Write operations use the Zotero connector endpoint (`/connector/saveItems`) to create metadata items. PDF attachment and collection assignment go through the zoty-bridge plugin, which executes JavaScript in Zotero's privileged context. The same bridge is used as a thin control plane to ask Zotero to generate missing full-text caches when needed; zoty does not add plugin-owned tables to `zotero.sqlite` or transfer raw attachment text through the bridge.
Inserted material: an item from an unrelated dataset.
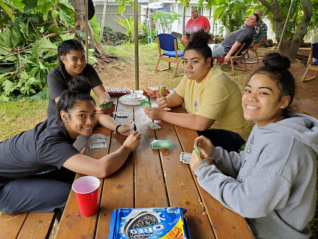 We had some friends come pick us up from the airport. They happen to be over here on a holiday and were willing to stop what they were doing to come give us a ride so nobody in the family had to leave the house where we were counting the minutes Lady Hiva's dad had left. We drove back to Kahuku and when we arrived, Lady Hiva and the kids were able to say goodbye. It was the last time her dad consciously knew she was there and opened his eyes. That would not have happened if we had waited for our original flight--again, made us thankful for the Delta agent doing what she did.
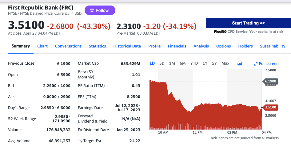 | 퍼스트리퍼블릭 은행을 미국 정부가 직접 지원하게 될까? 기사 하나로 8% 상승 시간 외에서는 하락 중 (39) | 2023.04.28 |

This two-path design exists because Zotero's SQLite database uses exclusive locking -- external processes can read it (immutable mode) but not write to it while Zotero is running.

arXiv traffic is throttled internally to respect arXiv's access policy. Concurrent `add_paper` calls queue transparently: metadata requests serialize with a 3-second gap, and arXiv PDF downloads are rate-limited separately.

## Development

```bash
make build   # build zotero-plugin/dist/zoty-bridge.xpi
make test    # run Python unit tests
```

## License

MIT

## Rate Limiting Across Sessions

zoty rate-limits arXiv traffic inside the running MCP server process. If several `add_paper` calls reach the same server at once, zoty queues them and drains metadata requests at arXiv-safe speed.

That limiter is not shared across separate zoty processes. If you start one zoty instance per agent, session, or editor window, each process will enforce its own limit and the combined request rate can still exceed arXiv policy.

If you expect multiple sessions to pull papers at the same time, start one long-lived zoty server and point all clients at that same instance.

Start one shared local server:

```bash
zoty --transport streamable-http --host 127.0.0.1 --port 8000
```

The shared MCP endpoint will be:

```text
http://127.0.0.1:8000/mcp
```

If you want a different endpoint path:

```bash
zoty \
  --transport streamable-http \
  --host 127.0.0.1 \
  --port 8000 \
  --streamable-http-path /zoty-mcp
```

Then point every client at the same URL:

```text
http://127.0.0.1:8000/zoty-mcp
```

For clients that support remote MCP servers by URL, the config should look like this:

```json
{
  "mcpServers": {
    "zoty": {
      "url": "http://127.0.0.1:8000/mcp"
    }
  }
}
```

Avoid this pattern when multiple sessions may import papers in parallel, because it starts a separate zoty process per client:

```json
{
  "mcpServers": {
    "zoty": {
      "command": "zoty"
    }
  }
}
```

Recommended boot sequence:

1. Boot Zotero and make sure the Zotero connector and `zoty-bridge` plugin are available.
2. Start one shared zoty server with `--transport streamable-http`.
3. Configure each agent or MCP client to connect to that existing server URL instead of launching its own copy.
4. Let the shared server serialize arXiv metadata lookups and rate-limit arXiv PDF downloads for everyone.

This keeps the agent-side behavior simple: tool calls may take a bit longer under load, but they will queue naturally instead of hammering `export.arxiv.org`.